Top of Provided data

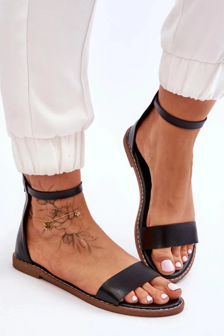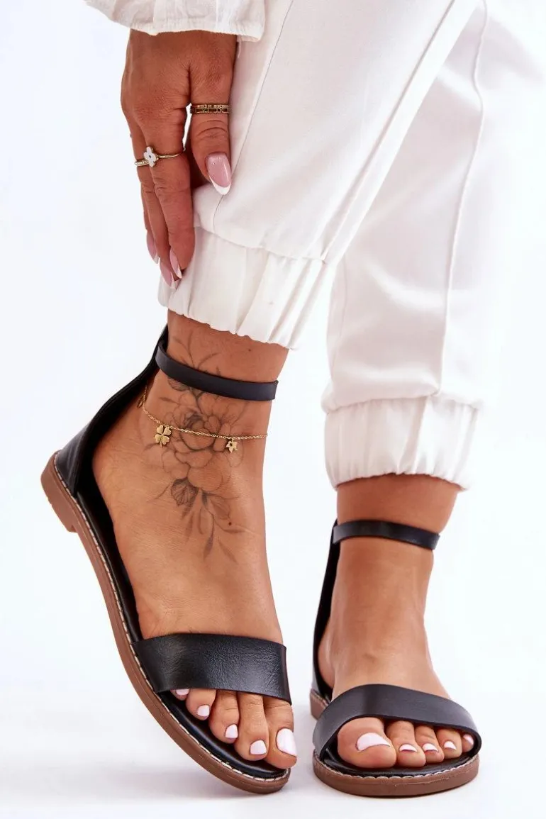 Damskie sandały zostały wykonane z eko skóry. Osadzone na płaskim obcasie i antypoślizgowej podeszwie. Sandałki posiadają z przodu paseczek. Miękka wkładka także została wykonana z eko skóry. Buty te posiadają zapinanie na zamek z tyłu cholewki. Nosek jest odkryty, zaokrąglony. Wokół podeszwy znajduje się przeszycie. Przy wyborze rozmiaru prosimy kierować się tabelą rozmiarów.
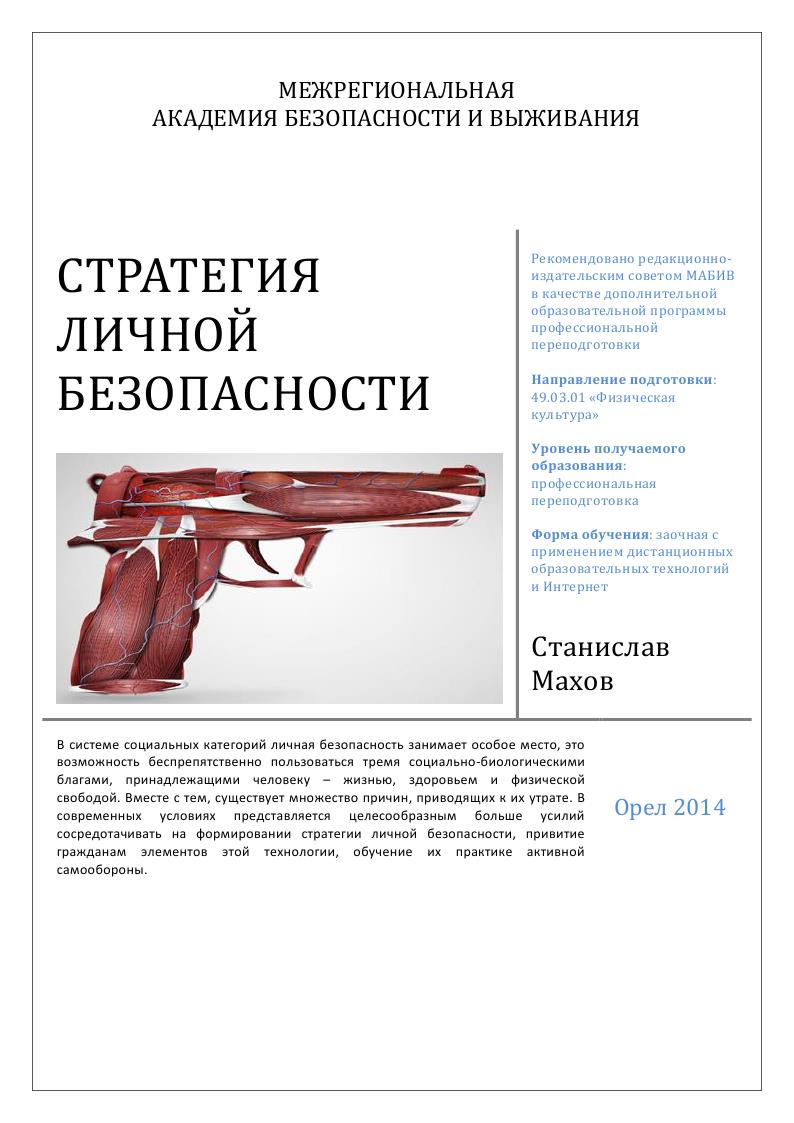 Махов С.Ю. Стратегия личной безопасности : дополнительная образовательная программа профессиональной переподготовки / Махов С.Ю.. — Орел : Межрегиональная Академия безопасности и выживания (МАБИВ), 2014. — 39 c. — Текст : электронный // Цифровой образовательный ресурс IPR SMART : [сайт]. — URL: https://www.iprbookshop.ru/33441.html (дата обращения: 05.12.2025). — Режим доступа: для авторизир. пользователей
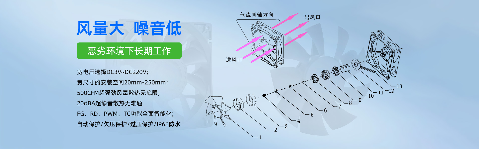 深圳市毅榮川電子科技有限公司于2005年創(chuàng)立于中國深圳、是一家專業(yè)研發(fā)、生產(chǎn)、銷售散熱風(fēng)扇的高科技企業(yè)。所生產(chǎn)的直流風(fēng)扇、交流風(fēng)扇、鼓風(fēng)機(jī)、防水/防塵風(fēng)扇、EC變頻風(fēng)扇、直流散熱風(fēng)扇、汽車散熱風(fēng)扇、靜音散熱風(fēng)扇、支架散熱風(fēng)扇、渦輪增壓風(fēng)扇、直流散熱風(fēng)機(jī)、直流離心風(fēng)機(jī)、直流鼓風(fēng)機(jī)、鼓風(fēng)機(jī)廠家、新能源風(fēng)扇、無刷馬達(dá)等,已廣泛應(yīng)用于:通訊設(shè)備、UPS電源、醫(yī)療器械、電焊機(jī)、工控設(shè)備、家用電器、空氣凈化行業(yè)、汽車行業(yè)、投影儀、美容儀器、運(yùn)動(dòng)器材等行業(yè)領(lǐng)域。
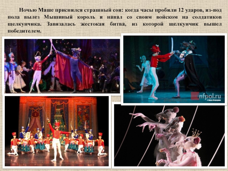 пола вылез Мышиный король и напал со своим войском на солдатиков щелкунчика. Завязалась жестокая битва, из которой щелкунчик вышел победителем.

Bottom of Provided data

Activity: Repeat the listing above from its first line through the line that contains "Махов С.Ю. Стратегия", both included, and nothing more. Drop the pictures.

Solution to the exercise:
 Damskie sandały zostały wykonane z eko skóry. Osadzone na płaskim obcasie i antypoślizgowej podeszwie. Sandałki posiadają z przodu paseczek. Miękka wkładka także została wykonana z eko skóry. Buty te posiadają zapinanie na zamek z tyłu cholewki. Nosek jest odkryty, zaokrąglony. Wokół podeszwy znajduje się przeszycie. Przy wyborze rozmiaru prosimy kierować się tabelą rozmiarów.
 Махов С.Ю. Стратегия личной безопасности : дополнительная образовательная программа профессиональной переподготовки / Махов С.Ю.. — Орел : Межрегиональная Академия безопасности и выживания (МАБИВ), 2014. — 39 c. — Текст : электронный // Цифровой образовательный ресурс IPR SMART : [сайт]. — URL: https://www.iprbookshop.ru/33441.html (дата обращения: 05.12.2025). — Режим доступа: для авторизир. пользователей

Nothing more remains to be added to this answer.